Historic example - India. India - with the exception of a short episode in 
czarist Russia, was quite the only country, which had a strong protectionism 
and a ban of private ownership of meteorites, in very early times.

Consequence - already in 19th century, at Cohen's times, Indian meteorites 
where by far the most expensive meteorites of the world. For an ordinary 
chondrite from India, one had to pay 10, 20, 40 times more than for an 
ordinary chondrite falling in Europe or Northern America.

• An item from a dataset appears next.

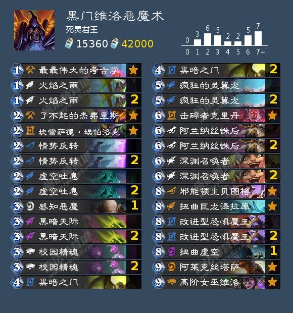 作者:恶魔任务女巫术的卡组攻略。大家好,我是死灵君王。作为术士盗贼职业的绝对拥护者,我非常喜欢这两个高风险,高收益的职业。在上个版本外域的灰烬时笔者尝试了恶魔术好几百场,颇有心得,无奈上个版本DH的蛋刀太厉害,无论怎么组控制术总达不到想要的强度。这个版本则不同了,虽然大家没有注意到也没有特意去开发,但是我认为高阶女巫维洛绝对不是凑数卡,这张卡有能翻盘决胜的能力。试想4费开黑暗之门,5费出个维洛

So still today, a meteorite, from the same period, a fall from the same 
historical year, can cost a fraction of a meteorite fallen or found in the 
same year, even if it has a much lower tkw and is of a much rare type, than 
the latter locked in institutional collections or from a country banning 
ownership and export.

Other modern more instantaneous example.
Due to certain circumstances only small amounts of Tagish Lake were firstly 
allowed to leave the country and to be sold on the free market. The 
availability was therefore strongly and artificially limited.
Therefore - an quite unique event - it was unnecessarily insanely priced. It 
had cost four, five times more than any historic Ivuna or Orgueil at that 
time. ...with very bad consequences, as the eyewitnesses and others were not 
allowed to rescue more material, but those, who forbade them to do so, then 
omitted to save most of the tkw,
the national geological survey had to buy from the finders in the end 
material at this extremely high price, which they by their own had created in 
not allowing material leaving the country - and in the end the Canadian tax 
payer paid 800,000 CND - with inflation 1 million USD today - for samples, 
which without that intervention of the Canadian survey to restrict the 
availability would have cost 200,000 USD - and if they would have allowed the 
normal people to rescue the main load of that meteorite in a timely manner - 
perhaps only 50,000$.
...well, a sad accident,
But other than the Australians, Omani, Argentines, Danish, Algerians and so 
on,
the Canadian meteoricists are intelligent and reasonable people, and other 
than the Bevanists of our days,
they sat personal narrow-minded motives and that almost folkloristic 
hatefulness towards private collectors aside,
and decided for the need of science to ease the legal practice.
With very convincing success.
Remember Buzzard Coulee - because private collectors and professional hunters 
were not only allowed to collect them, but also got export permits - it was 
cheaper than any Whetstone or Mifflin.
And that, what Arnold  Notkin did with historical Brenham in USA,
became then suddenly possible at all with historical Springwater in Canada.
Or think to the now still growing tkw - after years - of the newer Canadian 
crater iron (where I always forget the name).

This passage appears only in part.